The 2021-2022 California Legislative Session closed on August 31 and was dominated by further efforts to address the state’s continued housing crisis. The flurry of major legislation passed by the Legislature and now on the Governor’s desk for signature focuses on expanding the types of development sites eligible for housing production and streamlining approval of that housing (AB 2011, SB 6, AB 2234), expanding the Density Bonus Law and providing enhanced density incentives (AB 682, AB 1551, AB 2334), and restricting minimum parking requirements (AB 2097). Taken together, these are potentially powerful tools to generate new housing opportunities as cities across California face significant housing production goals and work towards meeting state law deadlines for the ongoing Housing Element updates in the coming months.
This post focuses on the key housing-related bills that are, at the time of this publication, awaiting the Governor’s signature. The Governor has until September 30 to either sign or veto the bills. We will follow up with more in-depth coverage on the legislation ultimately signed by the Governor and insights on the resulting potential impacts on the housing landscape.
Repurposing Commercially Zoned Land for New Residential Development
The two blockbuster bills of 2022 – AB 2011 and SB 6 – both have the potential to result in major changes to the housing development pipeline by allowing new qualifying residential development on eligible commercially zoned sites. Both bills are the result of significant and hard-won efforts among legislators, development and pro-housing advocates, and organized labor. Each bill includes very specific eligibility requirements, applicable development standards, and density calculation metrics. The details are beyond the scope of this analysis, but the highlights are described briefly below. If signed by the Governor, both laws would take effect on July 1, 2023 – not in January 2023, as is the case for most new laws – and would remain in effect for 10 years, sunsetting in 2033 unless extended.

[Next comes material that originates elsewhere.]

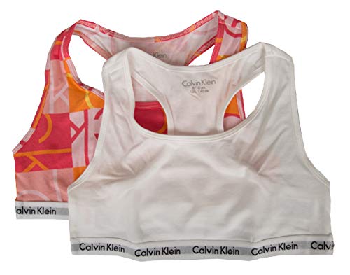 Calvin Klein Confezione 2 Bralette Bimba Bambina Ragazza CK Articolo G80G800276 2PK Bralette, 0J5 CK Pattern Unique/White, Taglia S - Anni 8-10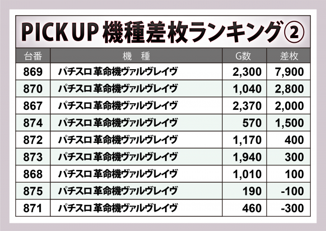 『パチスロ 革命機ヴァルヴレイヴ』9台も負けていない。7台がプラスとなり、+7,900枚超を筆頭に+2,000枚超×2と続いた。

AB 2011 (Wicks) [Streamlined Approval Pathway for Qualifying Affordable or Mixed-Income Developments] – AB 2011 provides a streamlined, ministerial review process that is CEQA-exempt, comparable to the existing SB 35 law (see our previous posts on SB 35 here and here), for qualifying multifamily housing development projects on commercially zoned sites (where office, retail, or parking are principally permitted uses) that include requisite affordable housing units and meet certain wage and labor requirements, including paying prevailing wage. The goal of AB 2011 is to unlock significant affordable and mixed-income housing development potential in existing commercial zones.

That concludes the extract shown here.